In May 2021, Russia will be the new chair of the Arctic Council, the multilateral body of northerly nations aiming to preserve the pristine Arctic realms. Russia, the largest country in the Arctic, will have come a full circle in its association with the Council with its second chair position after its 2004-2006 tenure. Iceland, the smallest country in this multilateral body and its current chair, will pass on the baton to Russia for two years.[1] By the time Russia completes its chair tenure, India will have also completed a decade of being an observer state of the Arctic Council.

There are four observations in this Arctic moment: Russia’s new and preemptive climate action driven geopolitics; India’s newly acquired climate action champion credentials; India’s potential contribution to the Council via its energy and technology partnership with Russia and other Arctic Council partners; and the sincerity of China’s self-aggrandizing title of a ‘near-Arctic’ state.
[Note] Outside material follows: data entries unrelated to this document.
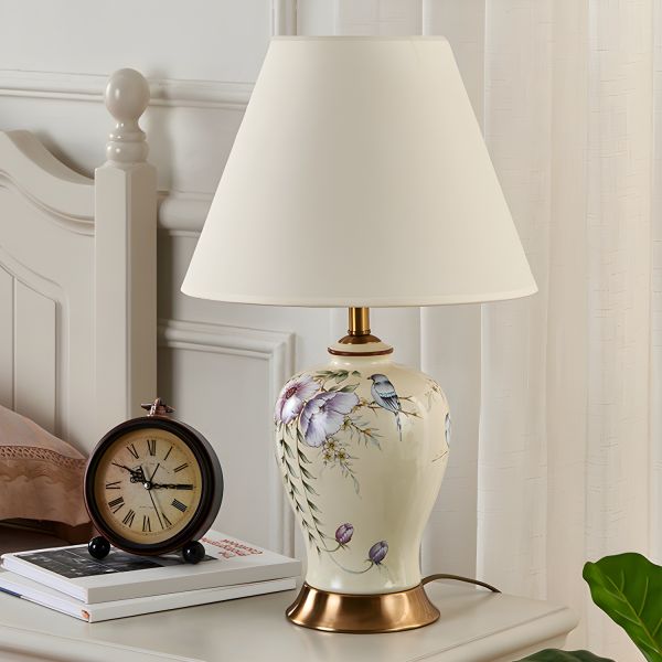 Vintage Floral Ceramic Table Lamp, Porcelain Bird Base with Fabric Shade for Living Room - 110V-120V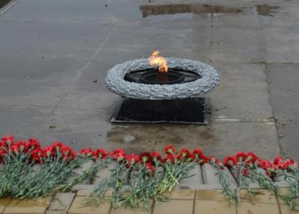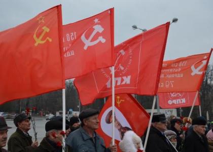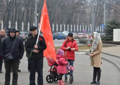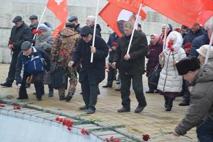 После минуты молчания коммунисты возложили алые гвоздики к "вечному огню".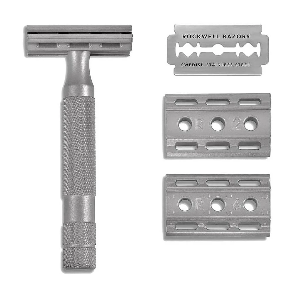 1 Rockwell 6S Double Edge Razor, 3 Patented Flippable Base Plats for 6 Levels of Adjustability, and 5 Rockwell Swedish Stainless Steel Razor Blades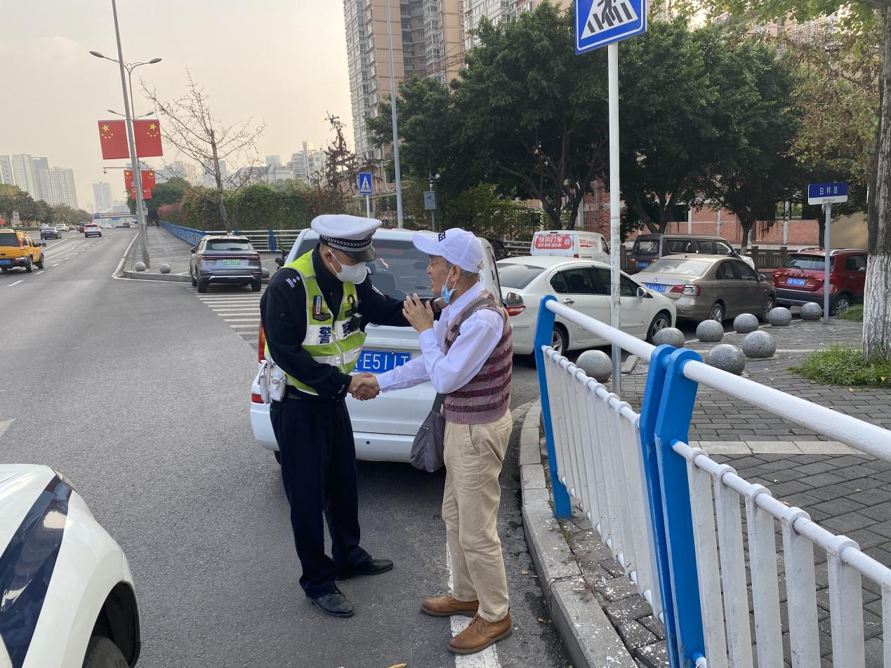 老人紧握民警的手表示感谢 经查,该老人姓邓,79岁,身体健朗,一直有步行锻炼身体的习惯。当日下午16时许,邓某从人和附近出发,沿着附近的道路步行,走着走着误入兰海高速北环立交至经开大道路段时被巡逻民警及时发现。民警在询问情况后将老人送至安全的地点,嘱咐其锻炼身体一定要选择走安全的路段。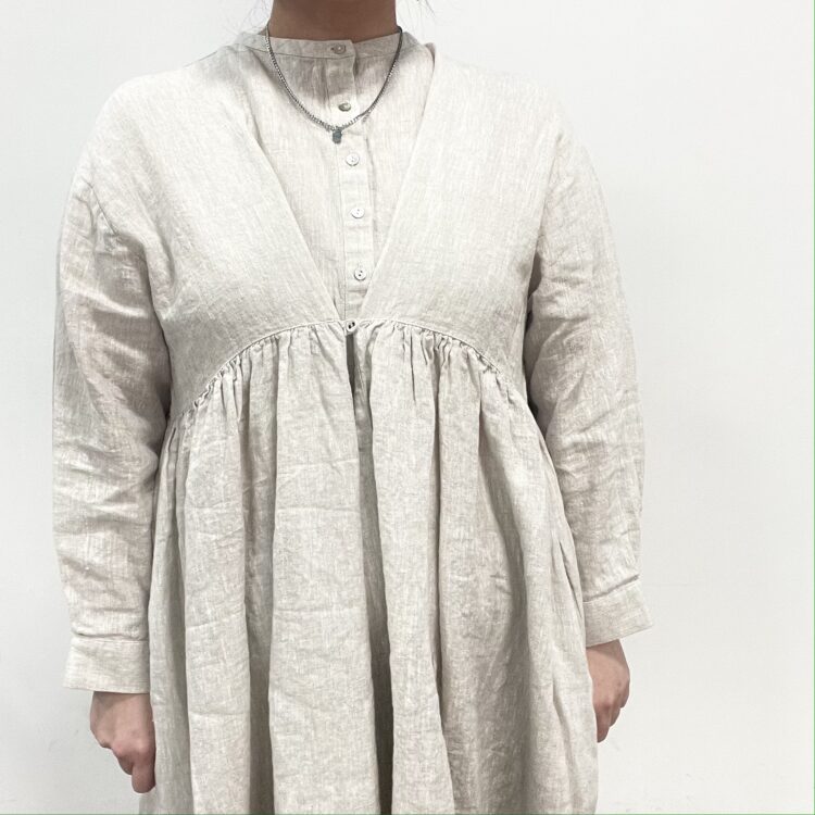 ヘンリーネック側はウエスト部分のボタンを留めるとVラインが現れ、グッとギャザーが引き立つルックスに◎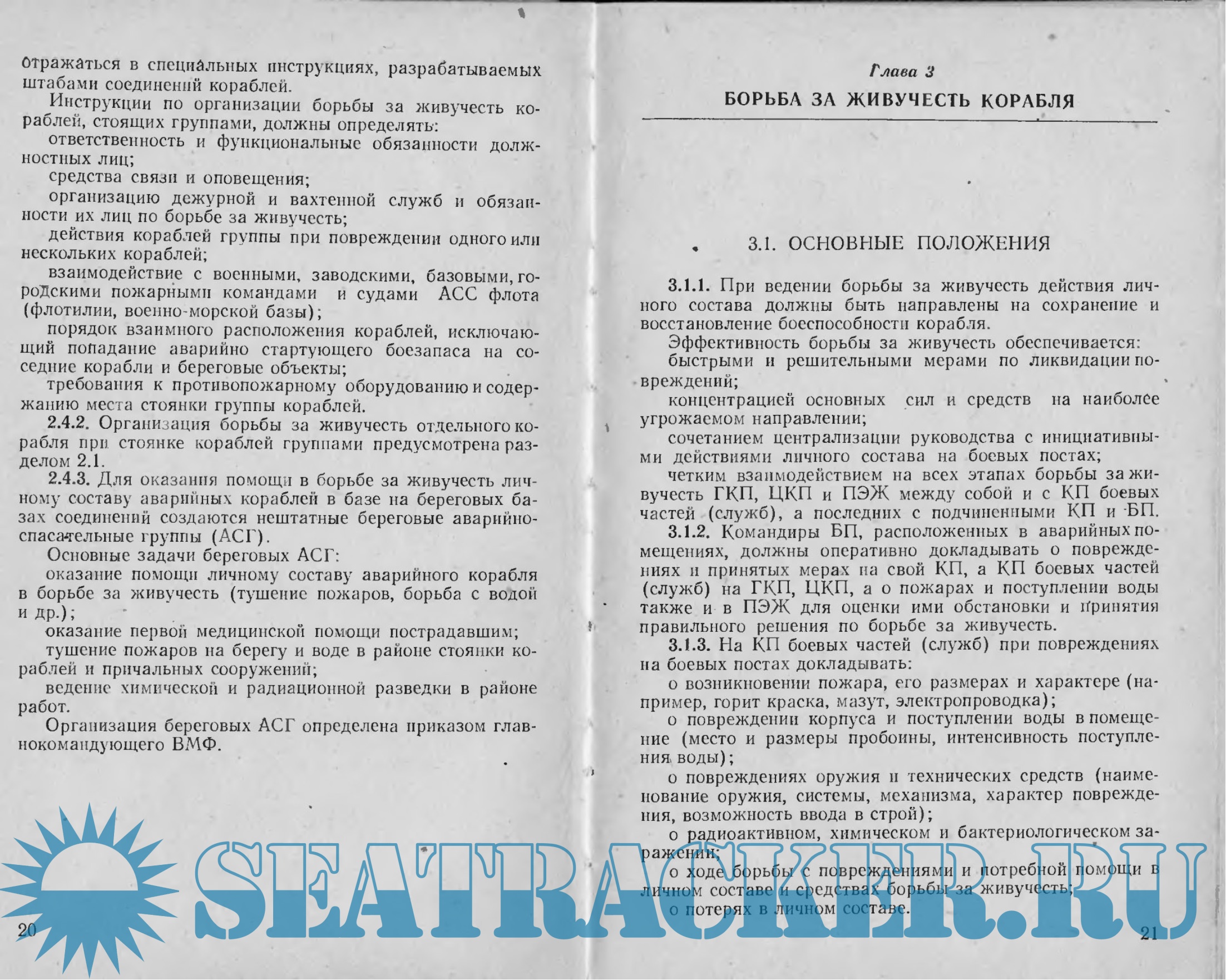 Описание: Настоящее Руководство определяет организацию, основные принципы и методы борьбы с пожарами, водой и за живучесть оружия и технических средств, а также порядок проведения мероприятий по борьбе по обеспечению живучести надводных кораблей Военно-Морского Флота.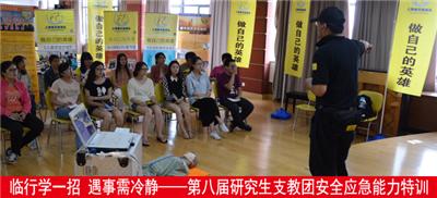 整个安全应急能力特训围绕四个生活中常见多发危险情况展开:地震自救、防溺水、崴脚应对、院前急救。两位老师还特地针对支教团即将奔赴的地区,详细讲述了对于当地特殊环境及可能发生的自然灾害的应对措施。两个多小时的安全应急能力特训,让支教团成员对于即将到来的支教生活更加充满信心。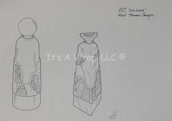 Description: A prop carry case created for use by “Jake Sisko” (Cirroc Lofton) in episodes of Star Trek: Deep Space Nine like “The Nagus” and concept artwork created by Rick Sternbach for items in the episode. The prop carry case is a teal colored injection molded plastic case with a hinged lid that opens to double the item size, the hinge is unfortunately separated but both halves are present. The case features a variety of multi-colored graphical application s with metallic adhesive details and a hinged internal plate that folds out to reveal a slot for a missing prop PADD. Also present is a brown backed Starfleet inventory application and a black nylon shoulder strap. The concept artwork are photocopies located with other similar items, these depict the carry case, a variety of PADDs, styluses, and an attached sketch of a ‘Wadi Thermos’ from the episode “Move Along Home”. The six paper pages each feature signatures inscribed ‘Sternbach ‘ some with the date ‘12-82’, one with an inscription ‘I don’t do bags’ which are part of the overall duplications. Five of the sheets indicate that they were intended for an episode tentatively titled ‘Friends and Foes’. The sheets measure approx. 11.5 X 17 while the case measures approx. 15 X 10 X 5 inches.

The Arctic Ocean and its littoral Tundra regions, are among the planet’s most vulnerable to climate change.[2] To address this issue, the West’s Arctic policy has accommodated ‘climate action activism’ and ‘climate action solutionism’ in its domestic and international political activities for decades.[3] Where activism has sensitized the masses globally, solutionism has led to few but critical climate action scientific and technology breakthroughs. Russia, though, was always reticent in this domain, mainly because of its vast resource-driven economy, and because the climate action discourse has been skewed towards Western interests.

Of late, Russia has begun to recognize the growing significance of climate change in its actionable domestic and global goals.[4] Early in November 2020, President Vladimir Putin signed a presidential decree committing a to a 30% decrease in its greenhouse gas emissions from 1990 levels, by 2030.[5] The impact of this new-found attention is also visible in the agenda Russia has set for its Arctic Council chair tenure. Russia wants to promote consensus-driven, environmentally-sustainable social and economic development while simultaneously implementing eco-friendly projects and making the Northern Sea Route (NSR) less inimical to the fragile Arctic environment.[6]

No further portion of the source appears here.